On 2023/05/11 20:50, Ilya Maximets wrote:
> On 5/11/23 12:39, Nobuhiro MIKI wrote:
>> On 2023/05/11 6:33, Ilya Maximets wrote:
>>> On 5/9/23 11:38, Nobuhiro MIKI wrote:
>>>> It supports flowlabel based load balancing by controlling the flowlabel
>>>> of outer IPv6 header, which is already implemented in Linux kernel as
>>>> seg6_flowlabel sysctl [1].
>>>>
>>>> [1]: https://docs.kernel.org/networking/seg6-sysctl.html
>>>>
>>>> Signed-off-by: Nobuhiro MIKI <[email protected]>
>>>> ---
>>>
>>> Hi. Thanks for the patch! See some comments inline.
>>>
>>
>> Hi Ilya,
>>
>> Thanks for your review!
>>
>>>
>>>> lib/flow.c | 24 +++++++++++
>>>> lib/flow.h | 1 +
>>>> lib/netdev-native-tnl.c | 22 +++++++++-
>>>> lib/netdev-vport.c | 8 ++++
>>>> lib/netdev.h | 12 ++++++
>>>> tests/tunnel-push-pop-ipv6.at | 79 +++++++++++++++++++++++++++++++++++
>>>> vswitchd/vswitch.xml | 29 +++++++++++++
>>>> 7 files changed, 174 insertions(+), 1 deletion(-)
>>>>
>>>> diff --git a/lib/flow.c b/lib/flow.c
>>>> index 9501a259e9d4..f27ec4795bc7 100644
>>>> --- a/lib/flow.c
>>>> +++ b/lib/flow.c
>>>> @@ -2734,6 +2734,30 @@ flow_hash_in_wildcards(const struct flow *flow,
>>>> return hash_finish(hash, 8 * FLOW_U64S);
>>>> }
>>>>
>>>> +uint32_t
>>>> +flow_hash_srv6_flowlabel(const struct flow *flow, uint32_t basis)
>>>> +{
>>>> + uint32_t hash = basis;
>>>> +
>>>> + if (flow->dl_type == htons(ETH_TYPE_IPV6)) {
>>>> + const uint64_t *flow_u64 = (const uint64_t *) flow;
>>>> + int ofs = offsetof(struct flow, ipv6_src) / 8;
>>>> + int end = ofs + 2 * sizeof flow->ipv6_src / 8;
>>>> +
>>>> + for (;ofs < end; ofs++) {
>>>> + hash = hash_add64(hash, flow_u64[ofs]);
>>>> + }
>>>> +
>>>> + hash = hash_add(hash, flow->nw_proto);
>>>> + hash = hash_add(hash, (OVS_FORCE uint32_t) flow->ipv6_label);
>>>> + } else if (flow->dl_type == htons(ETH_TYPE_IP)

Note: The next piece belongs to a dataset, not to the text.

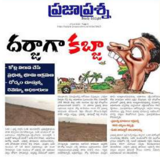
బల్లువోలు గ్రామస్థులు, వ్రజా ప్రతినిధులు, అభినందించారు. ఈ సందర్భంగా విఆర్.ఎ. మస్సానయ్యను మాట్లాడుతూ ఇది ప్రభుత్వ భూమి దీంట్లో ప్రవేశించిన అక్రమించిన కర్ర చర్యలు తప్పవని క్రిమినల్ కేసులు నమోదు చేస్తామని ఆయన తెలిపారు.

భారీ స్పందన వచ్చింది. "వ్రజా వ్రశ్య తెలుగు జాతీయ దినపత్రిక" రాసిన ఓ కథనం ప్రభుత్వ భూమి అన్యాయం కాకుండా కాపాడగలిగింది. "వ్రజా వ్రశ్య" తెలుగు జాతీయ దినపత్రిక రాసిన కథనంపై ఓజిలి తాసిల్దార్ నాంచారయ్య వెంటనే స్పందించి రూ.కోట్ల రూపాయలు విలువైన భూమి ప్రభుత్వం చేజారకుండా ఆపగలిగారు. ఓజిలి మండలం లోని కర్ర బొల్లువోలు గ్రామపంచాయతీ పరిధిలోని 15 ఎకరాల అక్రమణకు గురైన అంశంపై "వ్రజా వ్రశ్య" జాతీయ తెలుగు దినపత్రిక " మెయిన్ టో" వచ్చిన "దర్జాగా కబ్బా? అనే శీర్షికన వచ్చిన కథనానికి అధికారులు స్పందించారు. దీనిపై స్పందించిన ఓజిలి తాసిల్దార్ నాంచారయ్య విచారణకు ఆదేశించారు. దీంతో అధికారులు రంగంలోకి దిగారు. ఓజిలి మండలం లోని కర్ర బల్లువోలు సమీపాన గల సర్వే నంబర్ గల భూమి అక్రమణకు గురైనట్లు రెవెన్యూ అధికారులు నిర్ధారించారు. వీలెన్నో మస్సానయ్య రెవెన్యూ సిబ్బందితో కలిసి భూమిలో హెచ్చరికపేర్లు ఏర్పాటు చేశారు. దీంతో మండల ప్రజలు వ్రజా వ్రశ్య తెలుగు జాతీయ దినపత్రిక ను ప్రత్యేకంగా అభినందించారు. నిజాయితీగా నికచ్చిగా వార్తలు రాయడం "వ్రజా వ్రశ్య" దినపత్రిక వల్లే సాధ్యమవుతుందని పత్రిక యాజమాన్యాన్ని అభినందించారు. కోట్ల రూపాయలు విలువ చేసే ప్రభుత్వ భూమిలను కాపాడడంలో తాసిల్దార్ నాంచారయ్య ను విఆర్.ఎ. మస్సానయ్యను ప్రత్యేకంగా మండల ప్రజలు, కర్ర

>>>> + || flow->dl_type == htons(ETH_TYPE_ARP)) {
>>>> + hash = flow_hash_5tuple(flow, basis);
>>>> + }
>>>> +
>>>> + return hash_finish(hash, 42) & IPV6_LABEL_MASK; /* Arbitrary number.
>>>> */
>>>> +}
>>>
>>> Is it necessary to use a custom hash function for this?
>>> I guess, above can be replaced with a call to flow_hash_5tuple using the
>>> ipv6_label as a basis. OTOH, the seg6_make_flowlabel() in the kernel
>>> just using the skb hash which likely doesn't include label and even just
>>> a random number of locally originated traffic, so maybe mixing in the
>>> label is not really necessary?
>>>
>>> See comments below though.
>>>
>>
>> I also did a quick check seg6_make_flowlabel() in the kernel.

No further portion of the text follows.